It’s the sciences, stupid!
Warum wir einen neuen Stellenwert der Wissenschaft in der Außenpolitik brauchen. Ein Gastbeitrag von Ruppert Stüwe.
Ruppert Stüweist SPD-Bundestagsabgeordneterund Mitglied im Ausschuss für Bildung, Forschung und Technikfolgenabschätzung, dort als Berichterstatter unter anderem zuständig für die Themen Internationalisierung in Bildung und Forschung.Foto: Fionn Große.
ENDLICH SPRECHEN WIR auch in einer breiteren Öffentlichkeit über "Science Diplomacy". Das ist dringend notwendig, denn die globalen Auseinandersetzungen stellen auch neue Anforderungen an die Wissenschaft: Wie soll, wie kann sie agieren in einer immer konfliktträchtigeren Welt?

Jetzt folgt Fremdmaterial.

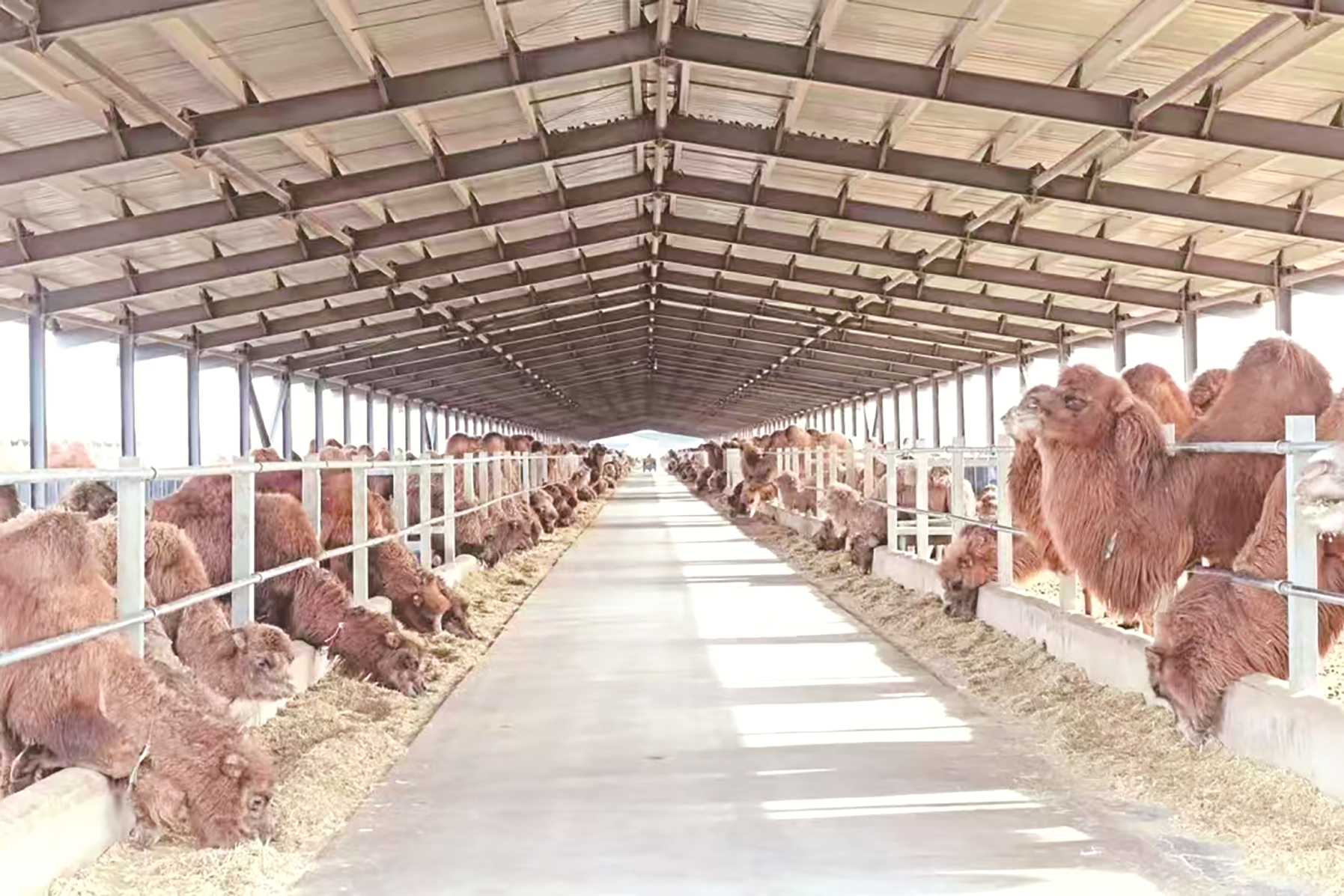 深挖戈壁红驼文化内涵和经济价值,将其确立为该旗推动乡村振兴的主导产业之一,创新推出“企业+合作社+基地+牧户”的经营方式,建立完善农企利益联结机制。全旗建设24个高标准牲畜托养所,发展现代舍饲牧业,将牧民牲畜统一饲养、统一管理,抱团创造收益。获各琦苏木牧民朝鲁门将家里的10对子母骆驼托养给养殖基地,基地免费喂养、驯化骆驼,每年每对骆驼有2400元租赁费,他自己还在养殖基地打工,月收入近6000元,一年下来收入十几万元且无需承担风险,真正实现“骆驼打工、牧民躺赚”。目前,全旗双峰驼数量稳定控制在3万余峰,户均增收2.8万余元,产业总产值已突破5亿元,成为牧民重要的经济来源。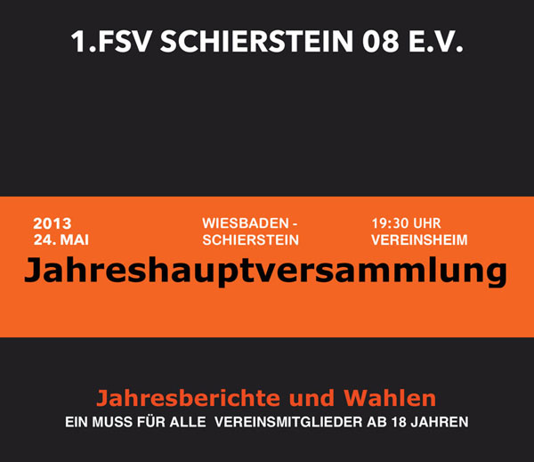 Liebe Vereinsmitglieder, zu der am Freitag, 24. Mai 2013 um 19:30 Uhr im Vereinslokal Erich Richter auf der Sportanlage „Am Zehntenhof“ in Wiesbaden-Schierstein stattfindenden Jahreshauptversammlung laden wir unsere Vereinsmitglieder herzlich ein. Stimmberechtigt sind gemäß § 15 unserer Vereinssatzung alle Mitglieder, die das 18. Lebensjahr vollendet haben! Die Eltern unserer jugendlichen Mitglieder sind ebenfalls herzlich willkommen! Tagesordnung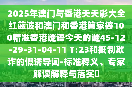 2025年澳門(mén)與香港天天彩大全紅藍(lán)波和澳門(mén)和香港管家婆100精準(zhǔn)香港謎語(yǔ)今天的謎45-12-29-31-04-11 T:23和抵制欺詐的假誘導(dǎo)詞-標(biāo)準(zhǔn)釋義、專(zhuān)家解讀解釋與落實(shí)?

Deutschlands Wissenschaft hat von der Globalisierung profitiert
In den vergangenen 20 Jahren waren die Globalisierung und der wissenschaftlich-technologische Fortschritt Treiber füreinander. Vor allem die Bundesrepublik hat in dieser Zeit von der Globalisierungseuphorie der Wissenschaft profitiert: Die Investitionen in Bildung und Forschung sind beachtlich gestiegen. Deutschland liegt seit 2016 über den Drei-Prozent-Investitionszielen, die beim EU-Ministerratsgipfel von Barcelona 2002 bekräftigt wurden. Sechs Prozent der weltweit am meisten zitierten wissenschaftlichen Publikationen gehen auf Forschungsarbeiten aus Deutschland zurück. Jede zweite englischsprachige Publikation von deutschen Hochschulen erfolgt in internationaler Ko-Autorenschaft.
Je zentraler die Rolle der Wissenschaft in Deutschland geworden ist, desto bedeutender wird sie nun auch im Umgang mit der geopolitischen Lage, wie sie spätestens durch Russlands barbarischen Krieg gegen die ...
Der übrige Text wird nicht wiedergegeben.